Proposition 2 (Kolmogorov Superposition Theorem). Let \(d \geq 2\). Then, there exist constants \(\lambda_q > 0\), \(q = 1, \ldots, d\), and continuous functions \(\phi_q: [0, 1] \to [0, 1]\), \(p = 1, \ldots, 2d + 1\), such that every continuous function \(f: [0, 1]^d \mapsto \mathbb{R}\) admits the representation

\[f(\mathbf{x}) = f(x_1, \ldots, x_d) = \sum_{p=1}^{2d + 1} g \left(\sum_{q=1}^d \lambda_q \phi_q(x_q)\right), \tag{2}\]

for some \(g \in C[0, 1]\) depending on \(f\).

We will now prove the main result.

Theorem 1 (Similar to Theorem 5 of ). Let \(\Omega \subset \mathbb{R}^d\) be compact. There exists \(K_1\) and \(K_2\) being \(O(d)\) and \(\rho: \mathbb{R} \to \mathbb{R}\) such that \(\mathsf{2NN}_\rho^{K_1, K_2}\) is dense (with respect to the uniform norm) in \(C(\Omega)\). In other words, given \(\varepsilon > 0\), for every \(f \in C(\Omega)\), there exists a two-hidden layer neural network \(h \in \mathsf{2NN}_\rho^{K_1, K_2}\) such that

\[\lVert f - h \rVert_{L^\infty(\Omega)} < \varepsilon\]

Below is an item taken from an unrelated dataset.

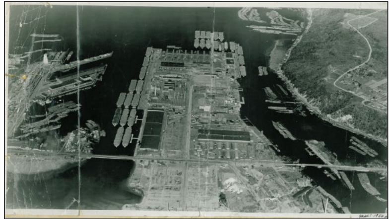
Figure 2: Aerial photo of the site and surroundings taken in 1950.

The Port is planning to redevelop the site to update it for modern marine-related industries. The area is zoned for industrial use, and will be for the foreseeable future.

In particular, \(K_1 = d\) and \(K_2 = 2d + 1\).

Proof. It suffices to prove the result for \(\Omega = [0,1]^d\) since the general result then follows by translating and dilating. The main idea is to construct \(\rho\) in a special manner so that there exist weights and biases so that the terms that appear in the Kolmogorov superposition theorem in \((2)\) can be uniformly approximated by the activation function. The construction relies on the fact that \(C[0,1]\) is seperable. Indeed, let \({p_n}_{n \in \mathbb{Z}}\) be an enumeration of any countable dense subset of \(C[0,1]\), say, polynomials with rational coefficients. Then, define \(\rho\) so that for every \(n \in \mathbb{Z}\),

\[\rho(x) = p_n(x - n), \quad x \in [n, n + 1]\]

i.e., on each interval \([n, n + 1]\), \(\rho\) is a polynomial with rational coefficients. The main idea with this construction is that we have “encoded” every single polynomial with rational coefficients within \(\rho\).

The theorem follows immediately by invoking the Kolmogorov superposition theorem. Indeed, since we are restricting ourselves to \([0,1]^d\), we can uniformly approximate every function that appears in \((2)\) with \(\rho\) with appropriate weights and biases. \(\square\)

While the activation function constructed in the above proof doesn’t have many nice properties, activation functions that achieve the same result can be constructed with more complex constructions that are real analytic, strictly increasing, and sigmoidal (in the sense that \(\lim_{x \to -\infty} \rho(x) = 0\) and \(\lim_{x \to \infty} \rho(x) = 1\)). For such a construction, we refer the reader to Section 2 of . We additionally remark that in this more complicated construction, the main idea of encoding every single polynomial with rational coefficients within the activation function remains. Another similar construction appears in Theorem 5.10 of .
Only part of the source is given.